The wolf trots into the snowbound city, moving silent as sorrow in the shadows. It moves down the center of the white streets, slipping alongside the pools of light thrown by infrequent streetlamps. Occasionally it pauses and listens with lifted head, as though something is calling it in the cold and the night.
The wolf, black as despair, silver as ice, finally stops before a dark building, tall and abandoned, laced with graffiti, and jumps up to place his front paws on the windowsill. Inside, there is a sickly glow of candlelight seen through black lace. He whines, softly, and then whines again in the cold.
Inside a girl, thin as lost hope, sits on a filthy mattress. She is dressed in torn black and tatty lace, clumpy black shoes, badly dyed black hair. In the candlelight it is difficult to tell if the shadows around her eyes are cosmetic or the kind of tiredness that goes straight down to the bone. She is all sharp angles and anger hiding despair and loneliness.
The girl has a razor blade, and is tracing the seventeenth cut in the fragile skin of her inner arm.
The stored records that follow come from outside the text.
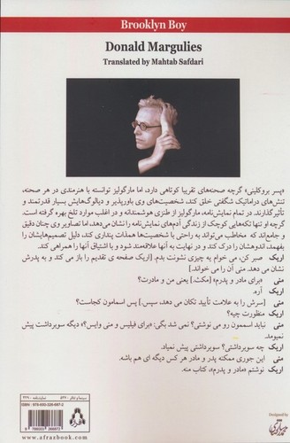 نویسنده : دونالد مارگولیز ترجمه : مهتاب صفدری پسر بروکلینی گرچه صحنههای تقریبا کوتاهی دارد، اما مارگولیز توانسته با هنرمندی در هر صحنه تنشهای دراماتیک شگفتی خلق کند، شخصیتهای وی باورپذیر و دیالوگ هایش بسیار قدرتمند و تأثیرگذارند. در تمام نمایشنامه مارگولیز از طنزی هوشمندانه و در اغلب موارد تلخ بهره گرفته است. گرچه او تنها تکههایی کوچک از زندگی آدمهای نمایشنامه را نشان میدهد، اما تصاویر وی چنان دقیق و جامعاند که مخاطب میتواند به راحتی با شخصیتها همذاتپنداری کند، دلیل تصمیمهایشان را بفهمد، اندوهشان را درک کند و در نهایت به آنها علاقهمند شود و با اشتیاق آنها را همراهی کند.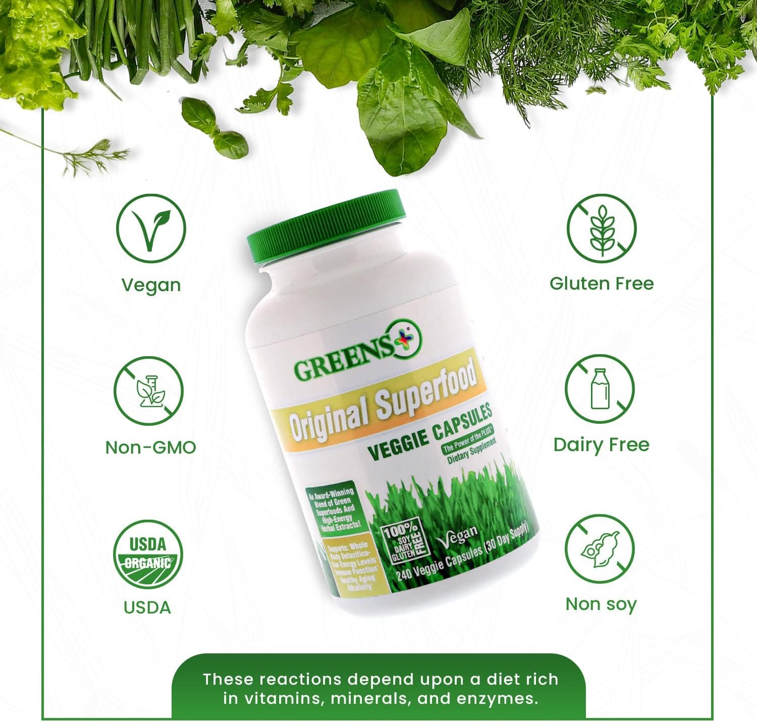 𝐕𝐞𝐠𝐚𝐧 𝐅𝐫𝐢𝐞𝐧𝐝𝐥𝐲: Packed with powerful nutrients, fibers, and antioxidants, our greens plus veggie capsules are non GMO, soy, dairy, and gluten free, a great addition to your daily routine.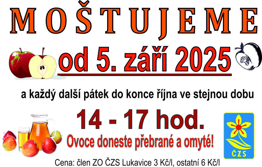 Zahrádkáři oznamují, že letošní moštování začíná v pátek 5.září 2025 od 14 do 17 hodin a bude pokračovat každý další pátek až do konce října ve stejnou dobu. Ovoce doneste přebrané a omyté. Cena za 1 litr je pro členy ZO ČZS 3 Kč a pro ostatní 6 Kč.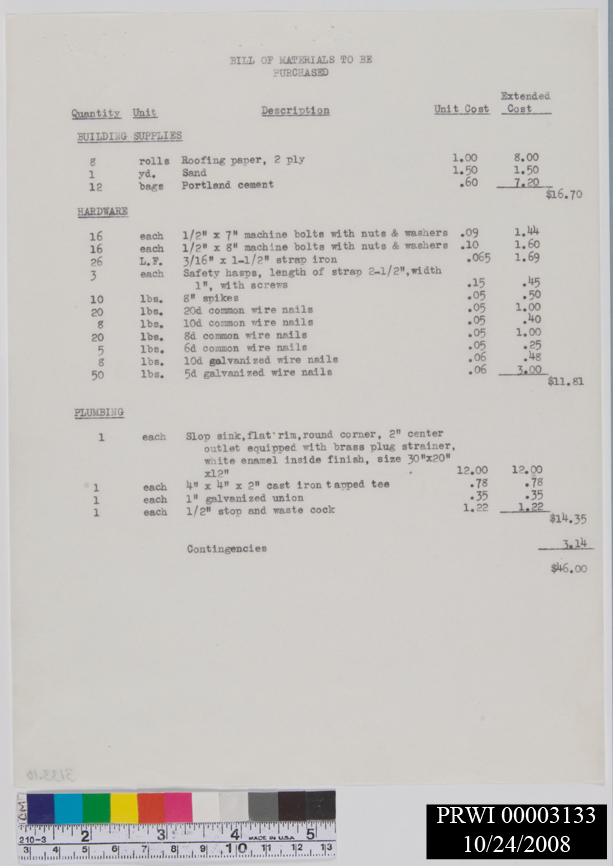 SHELTER, CRAFT. CAMP 3. JOB #270.<CRCAMP 3. INCLUDES JUSTIFICATION, SPECIFICATIONS. JOB APPLICATION & COMPLETION RECORD. MAN D<CRREVISIONS. MATERIALS LOCALLY PRODUCED AND PURCHASED. DISCRIPTION AND COST. MATERIALS FROM<CRFROM OTHER SOURCES.<CR#, THRU , SAME FILE FOLDER. CAMP 3. CORRESPONDENCE. REDUCTION OF CONTOUR LOCATION MAP.<CRSTAPLES, RUST, CARBON TRANSFER. YELLOW PAPER. TORN.

Old scars cross and recross her arms. Some are done in patterns of four, as if ravaged by an animal’s claws. Some she did with glass, others with razors, some with the point of a compass. They let the pain out so that she is able to go on a little longer.
The black wolf whines again and scratches, hard, against the frost-flowered windowpane. Startled, the hard girl looks up, smudged eyes wide; she stares at him for a moment, then turns her face away, disbelieving. She begins to work on her wrist.
The wolf cries, and falls back from the window to land on all fours. Keening softly, he trots back up the street a few paces, then turns, visibly shivering, to look in the girl’s window. He howls, like a soul breaking, like a tear in the web of the world, then launches himself towards, and through, the window.
A moment later the black-haired girl, mascara frozen into tracks on her cheeks, looks into his hot-gold eyes. Trembling, she reaches out on hand to touch his mane, to dislodge a tinkling rain of shattered glass onto the filthy mattress. She moves onto her knees, closer to the enormous animal, and offers him her arm.
He hesitates, then begins to lap at the blood, both drying and fresh; he sobs in his throat and she draws him in closer. She is crying now, stoking his long tousled hair back from his forehead, taking him closer into her arms; he puts his arms around her and sobs into her shoulder.
Deep in the icy heart of the city they hold each other, where love makes fantasy flesh.